**Dataset section:**

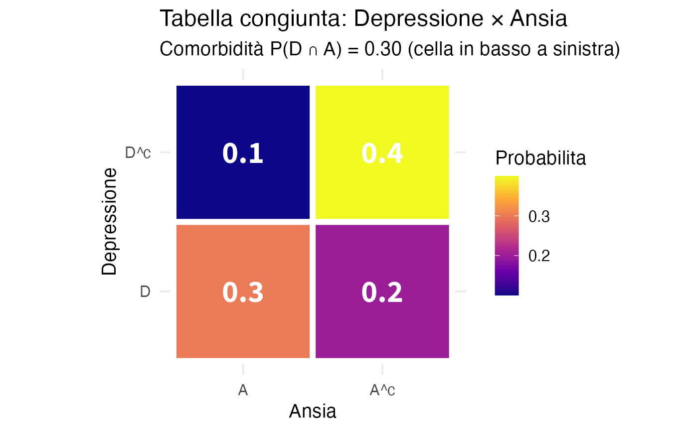 subtitle = "Comorbidità P(D ∩ A) = 0.30 (cella in basso a sinistra)"
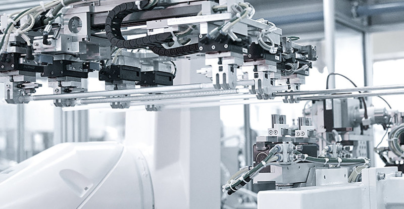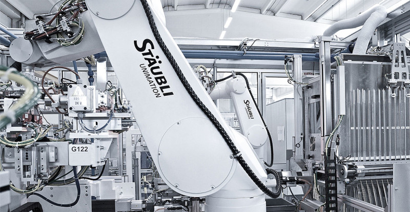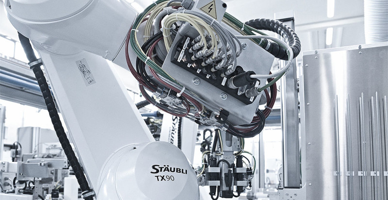 The automated production of four spiral tubes simultaneously is facilitated by the use of two cells in mirror-image layout; Stäubli’s RX160 and a Stäubli TX90 are responsible for the flexible handling. The complicated winding of the spring takes place in an integrated process circuit, which is linked by linear systems. The big advantage of the Stäubli robots is that, even in standard configuration, they already comply with cleanroom class ISO 5, meaning that Elettrosystem did not have to bring in dedicated cleanroom-compatible models.
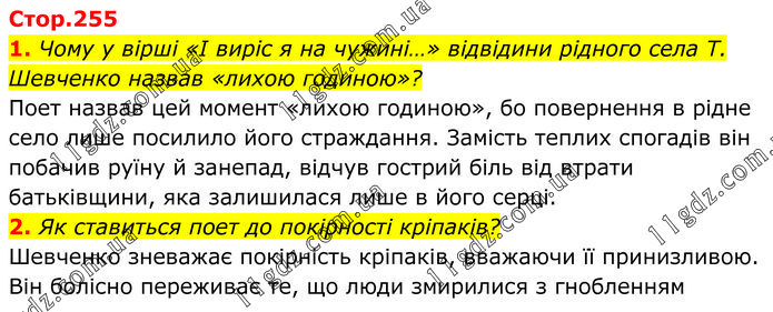 1. Чому у вірші «І виріс я на чужині…» відвідини рідного села Т. Шевченко назвав «лихою годиною»? Поет назвав цей момент «лихою годиною», бо повернення в рідне село лише посилило його страждання. Замість теплих спогадів він побачив руїну й занепад, відчув гострий біль від втрати батьківщини, яка залишилася лише в його серці. 2. Як ставиться поет до покірності кріпаків? Шевченко зневажає покірність кріпаків, вважаючи її принизливою. Він болісно переживає те, що люди змирилися з гнобленням.

**The problem:** Line by line, return the listing above exactly, leaving out its pictures.

**Written response:**
 subtitle = "Comorbidità P(D ∩ A) = 0.30 (cella in basso a sinistra)"
 The automated production of four spiral tubes simultaneously is facilitated by the use of two cells in mirror-image layout; Stäubli’s RX160 and a Stäubli TX90 are responsible for the flexible handling. The complicated winding of the spring takes place in an integrated process circuit, which is linked by linear systems. The big advantage of the Stäubli robots is that, even in standard configuration, they already comply with cleanroom class ISO 5, meaning that Elettrosystem did not have to bring in dedicated cleanroom-compatible models.
 1. Чому у вірші «І виріс я на чужині…» відвідини рідного села Т. Шевченко назвав «лихою годиною»? Поет назвав цей момент «лихою годиною», бо повернення в рідне село лише посилило його страждання. Замість теплих спогадів він побачив руїну й занепад, відчув гострий біль від втрати батьківщини, яка залишилася лише в його серці. 2. Як ставиться поет до покірності кріпаків? Шевченко зневажає покірність кріпаків, вважаючи її принизливою. Він болісно переживає те, що люди змирилися з гнобленням.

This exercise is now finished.